## [What you need to do]
The answer must be an exact copy of the lines from the one with "本机是一种新颖卧式间歇式真空" through the final line of the records below, with no pictures.
:::::
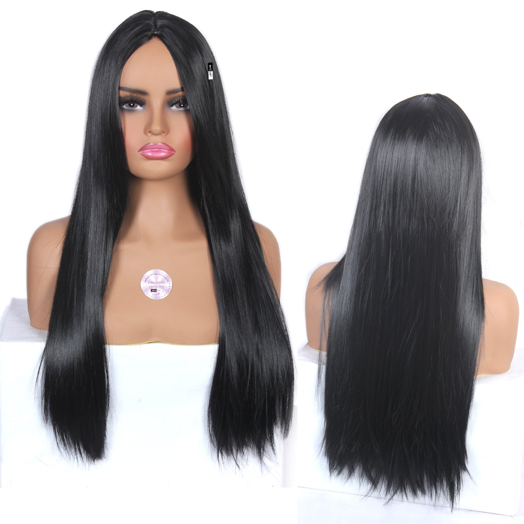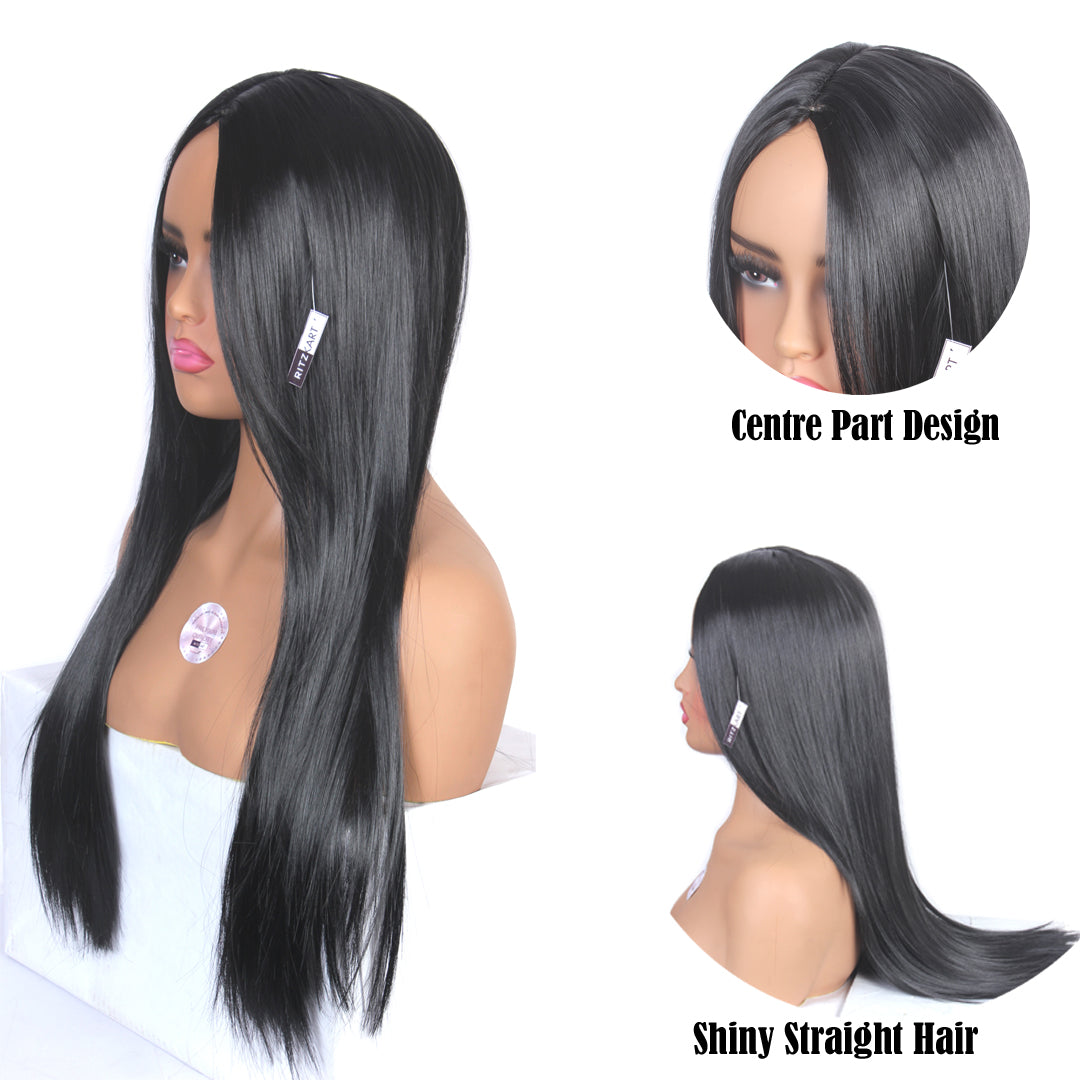 Straight Hair Wig for Women 28-Inch Shiny Synthetic Long Wig with Natural Centre Part, Soft & Silky Texture for a Glamorous Look
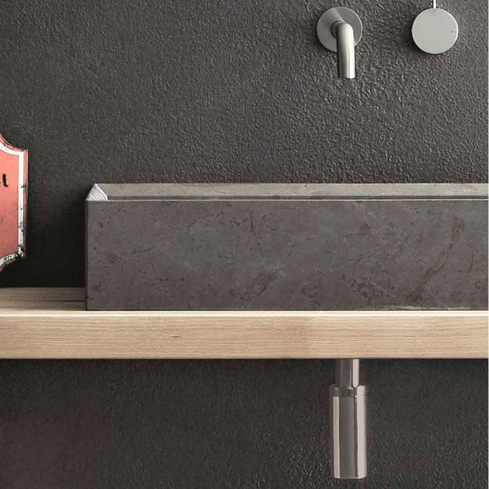 Rektangulær håndvask til bordplade, moderne design i natursten, uden afløbshul.
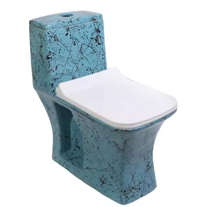 Luxury Blue Natural Printed Ceramic One Piece Water Closet Toilet Sanitary Ware Wholesale Bathroom
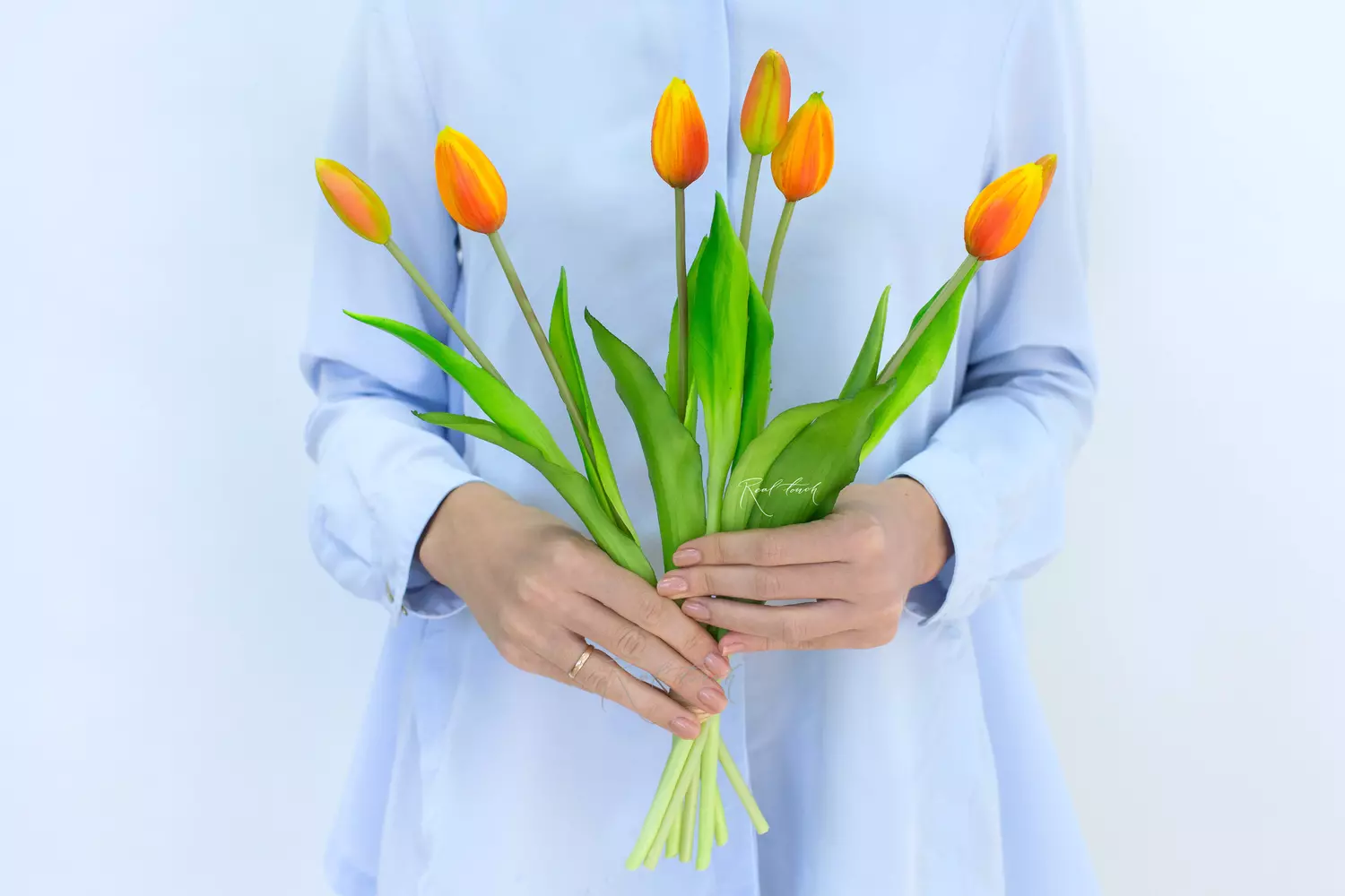 Букет закрытых тюльпанов 4+3 - очаровательная, весенняя позиция в ассортименте Real Touch!
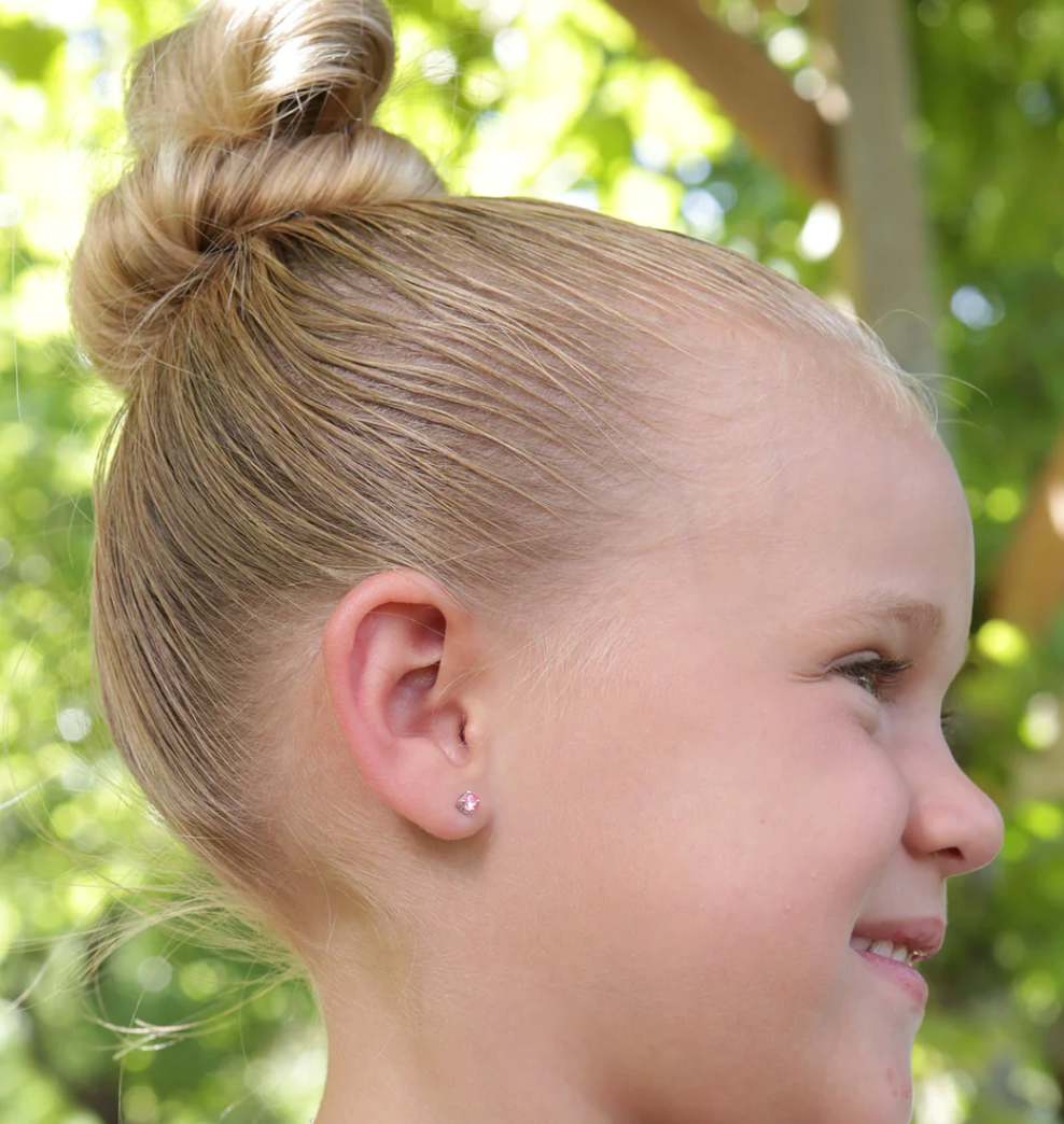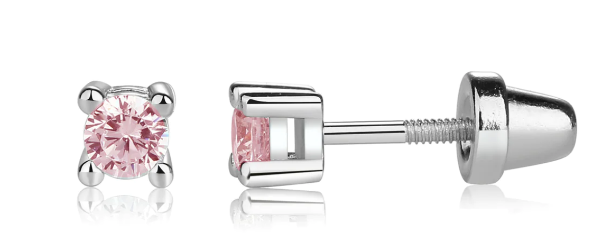 Sterling silver dainty pink CZ stud earrings for little girls (3mm). These sweet little earrings are rhodium plated for everlasting quality with screw backs so she won't lose them and come packaged in darling gift box! These earrings are genuine .925 sterling silver and should not irritate sensitive ears.
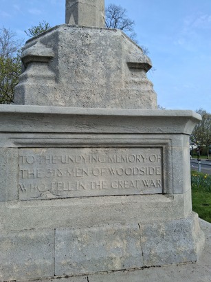Woodside WW1 memorial (close-up of inscription) - Taken by Alan Littell 20 Mar 2026
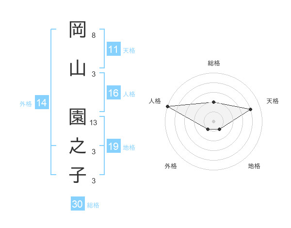 岡山 園之子さんを姓名の画数から五運を鑑定
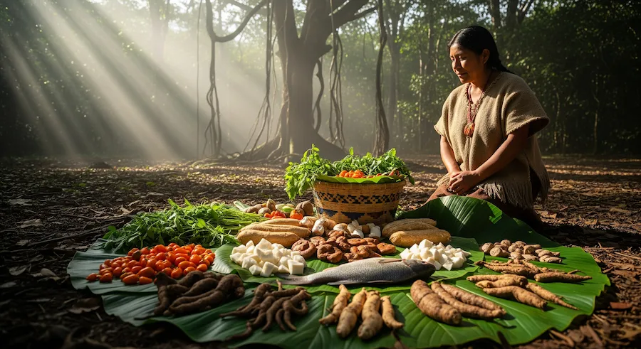 La selva provee frutas, raÃces, especias, carnes y hierbas, base de recetas que preservan el vÃnculo entre naturaleza y cultura viva.
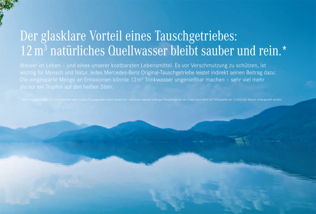 Jeder Produktionsprozess belastet die Umwelt. Es liegt an der Art wie wir konsumieren, wie stark das der Fall ist. Der Einsatz von Mercedes-Benz Original-Tauschteilen hilft, diese Belastung zu reduzieren. Mit jedem Tausch bleibt die Welt ein bisschen grüner – und die Geldbörse freut sich.
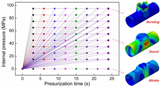 A well-organized database is the basis for the efficient training of the ML model. As emphasized earlier, the deformation state of the tubular component is up to the relative displacement/velocity of the counterpressure punch and the seal punch. Hence, a fixed feeding rate of 1.5 mm/s is utilized for the seal punch in all the simulation runs, while the pressurization curve is changed in a wide range to introduce differences in the free boundary. For that, a parameter grid is created, as seen in Figure 12, which roughly covers the capability of the hydraulic forming facility and various forming defects from wrinkling to bursting. The produced database consists of the two displacement boundaries, the nodal number, and the three coordinate values for each node. Because of the occurrence of bursting under ultrahigh internal pressure, some of the time series data are incomplete. The obtained database for ML training has more than 2.4 million lines of data generated from 73 FEM simulation runs.
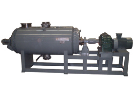 本机是一种新颖卧式间歇式真空干燥设备,湿物料经传导蒸发,带有刮板搅拌器不断清除热面上的物料,并在容器内推移形成循环流,水份蒸发后由真空泵抽出。
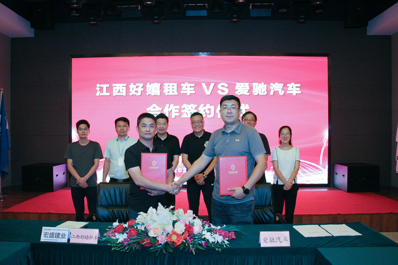 8月25日晚,江西好嬉租車與愛馳汽車,在宏盛建業(yè)上??偛颗e行合作簽約。好嬉租車第一期將采購100臺愛馳U5型號的新能源車作為主打車型投入運營。
:::::
## [Solution to this exercise]
 本机是一种新颖卧式间歇式真空干燥设备,湿物料经传导蒸发,带有刮板搅拌器不断清除热面上的物料,并在容器内推移形成循环流,水份蒸发后由真空泵抽出。
 8月25日晚,江西好嬉租車與愛馳汽車,在宏盛建業(yè)上??偛颗e行合作簽約。好嬉租車第一期將采購100臺愛馳U5型號的新能源車作為主打車型投入運營。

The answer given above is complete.